The entries below contain pictures. Write out only the lines from the line with "El gobierno humanista" up to and including the line with "An epic, hot-blooded", exactly, without them.
-=-=-=-=-
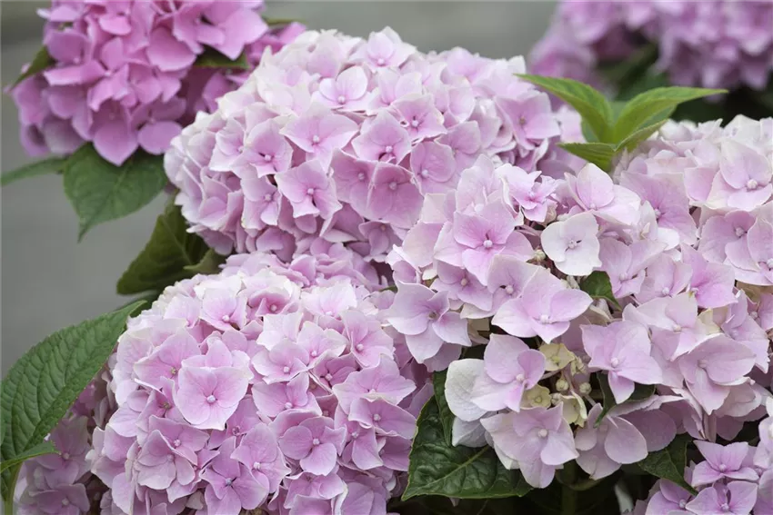 Hydrangea macrophylla Hortensien sind besondere Schmuckblüten des Herbsts. Ihre Beliebtheit als Schnittblume steigert sich von Jahr zu Jahr. Die aus vielen Einzelblüten bestehenden Blütenbälle verzaubern mit zarten Farbtönen in Blau, Rosa und Weiß.
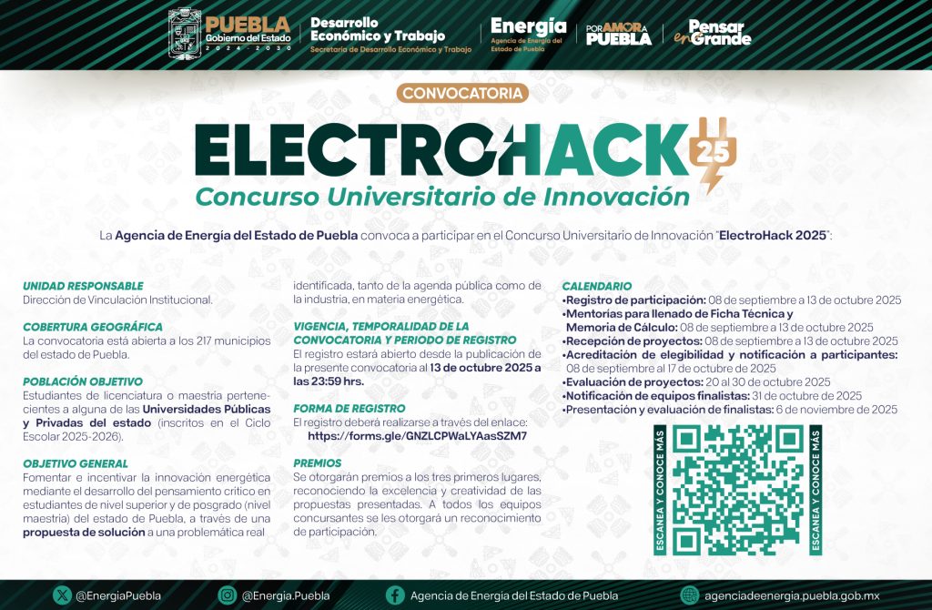 El gobierno humanista del mandatario Alejandro Armenta, a través de la Agencia de Energía del Estado de Puebla, emitió la convocatoria para el Concurso Universitario de Innovación “ElectroHack 2025”, dirigido a estudiantes de licenciatura y maestría de instituciones académicas públicas y privadas de la entidad. El objetivo es impulsar a las juventudes como agentes activos en la construcción de un futuro sostenible, mediante el ingenio, la innovación y el trabajo en equipo para desarrollar soluciones a los retos del sector energético.
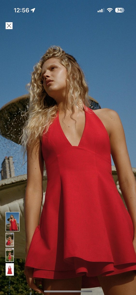 Halter yakalı ve V yakalı kısa elbise. Kombine iç astar. Yan dikişte gizli fermuar kapamalı. Kırmızı renkte
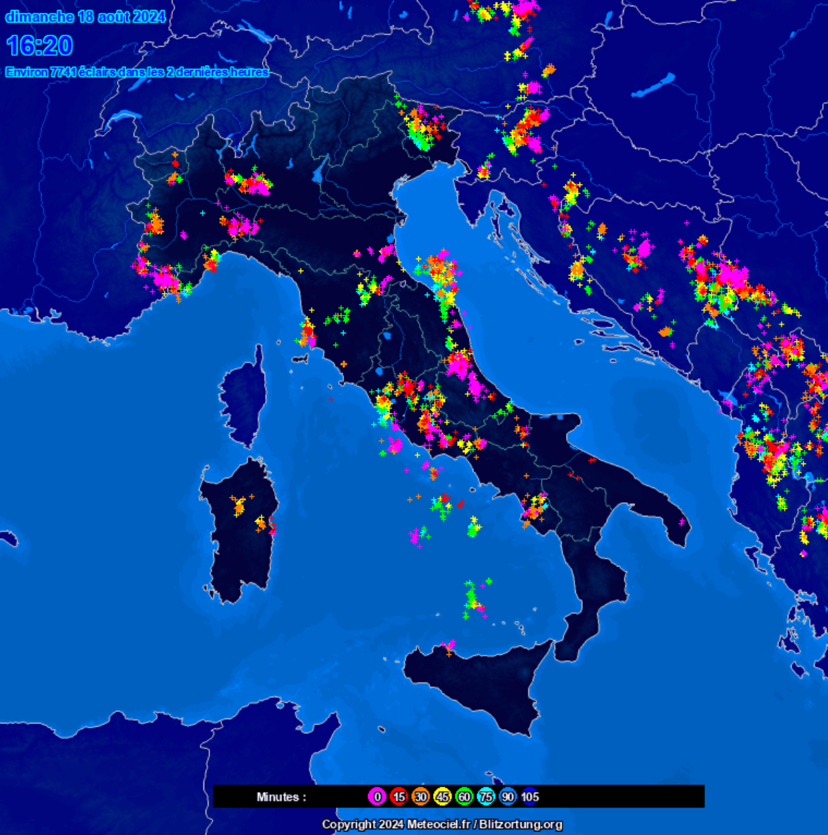 Il radar dei fulmini evidenzia le frequenti fulminazioni presenti su buona parte del Paese (clicca per ingrandire):
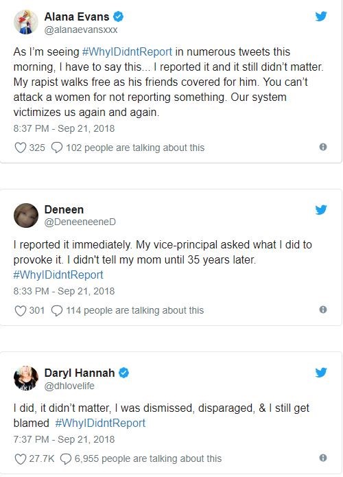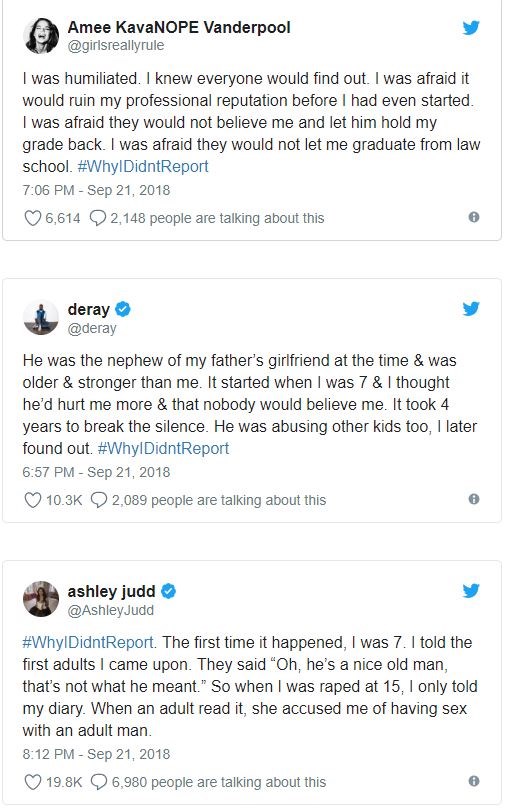 Ο Αμερικανός πρόεδρος Ντόναλντ Τραμπ, επικρίνοντας την Κριστίν Μπλάζι Φορντ, τη γυναίκα που κατηγορεί τον υποψήφιο για το Ανώτατο Δικαστήριο Μπρετ Κάβανο για σεξουαλική επίθεση, ότι περίμενε χρόνια για να το καταγγείλει, προκάλεσε θύελλα στο Twitter με το hashtag #WhyIDidntReport (γιατί δεν το κατήγγειλα) να γίνεται viral στις ΗΠΑ.
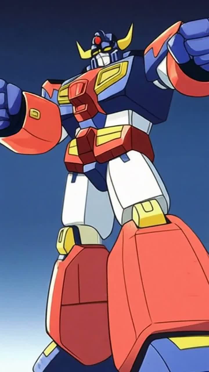 An epic, hot-blooded anime theme inspired by 1970s super robot shows, Powerful drum beats drive the rhythm, accompanied by soaring brass fanfares, electric guitar riffs, and bold orchestral strings, The arrangement blends heroic melodies with call-and-response vocals, evoking images of giant robots launching into battle against colossal enemies, Steady BPM 80 creates a strong, march-like momentum, delivering both grandeur and raw emotional power for a classic anime opening feel
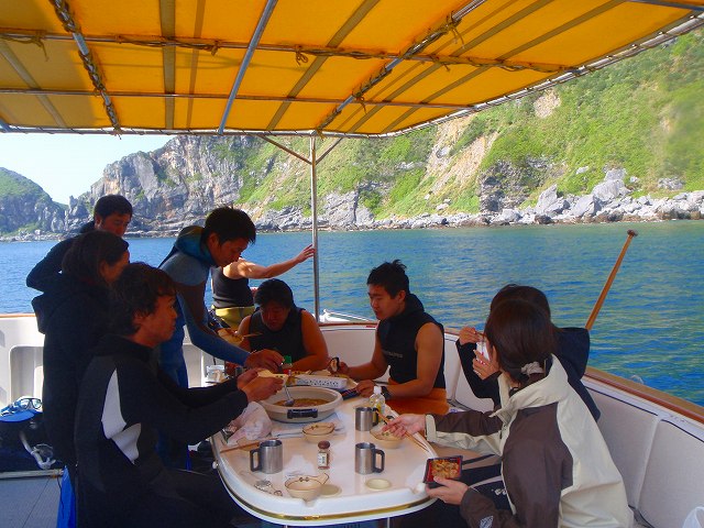 デッキにもソファーがあり、ウェットスーツのまま座れるので、「テーブルを囲みながらごはん」なんていうことができちゃうのです。キャビンもゆったり。こんなゴキゲンなボートでは、鍋やバーベキューがうってつけですね。
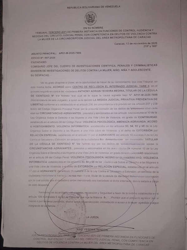 Espectáculos.- El Tribunal 3º de Control en Materia de Violencia Contra la Mujer dictó, este jueves 13 de noviembre, la privativa de libertad contra el reconocido animador y actor venezolano, Anthony Texeira, por presuntos delitos de violencia psicológica y extorsión.
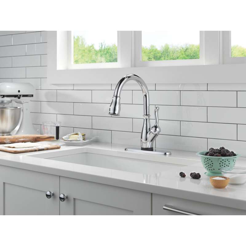 Traditional styling and modern functionality come together for a timeless look with the leland kitchen collection. Life moves fast, touchless technology keeps up. Delta touch2o faucets with touchless technology help keep germs and mess off your kitchen faucet and provides easy water control 3 ways: simply place your hand near the faucet, tap the faucet surface, or use standard handle activation. The tempsense led light changes color to alert you to the water’s temperature and eliminate any possible surprises or discomfort. Magnatite docking uses a powerful integrated magnet to pull your faucet spray wand precisely into place and hold it there so it stays docked when not in use. Shieldspray technology cleans with laser-like precision while containing mess and splatter. A concentrated jet powers away stubborn messes while an innovative shield of water contains splatter and clears off the mess, so you can spend less time soaking, scrubbing and shirt swapping. Delta faucets with diamond seal technology perform like new for life with a patented design which reduces leak points, is less hassle to install and lasts twice as long as the industry standard. You can install with confidence, knowing that delta faucets are backed by our lifetime limited warranty.
-=-=-=-=-
**Result**
 El gobierno humanista del mandatario Alejandro Armenta, a través de la Agencia de Energía del Estado de Puebla, emitió la convocatoria para el Concurso Universitario de Innovación “ElectroHack 2025”, dirigido a estudiantes de licenciatura y maestría de instituciones académicas públicas y privadas de la entidad. El objetivo es impulsar a las juventudes como agentes activos en la construcción de un futuro sostenible, mediante el ingenio, la innovación y el trabajo en equipo para desarrollar soluciones a los retos del sector energético.
 Halter yakalı ve V yakalı kısa elbise. Kombine iç astar. Yan dikişte gizli fermuar kapamalı. Kırmızı renkte
 Il radar dei fulmini evidenzia le frequenti fulminazioni presenti su buona parte del Paese (clicca per ingrandire):
 Ο Αμερικανός πρόεδρος Ντόναλντ Τραμπ, επικρίνοντας την Κριστίν Μπλάζι Φορντ, τη γυναίκα που κατηγορεί τον υποψήφιο για το Ανώτατο Δικαστήριο Μπρετ Κάβανο για σεξουαλική επίθεση, ότι περίμενε χρόνια για να το καταγγείλει, προκάλεσε θύελλα στο Twitter με το hashtag #WhyIDidntReport (γιατί δεν το κατήγγειλα) να γίνεται viral στις ΗΠΑ.
 An epic, hot-blooded anime theme inspired by 1970s super robot shows, Powerful drum beats drive the rhythm, accompanied by soaring brass fanfares, electric guitar riffs, and bold orchestral strings, The arrangement blends heroic melodies with call-and-response vocals, evoking images of giant robots launching into battle against colossal enemies, Steady BPM 80 creates a strong, march-like momentum, delivering both grandeur and raw emotional power for a classic anime opening feel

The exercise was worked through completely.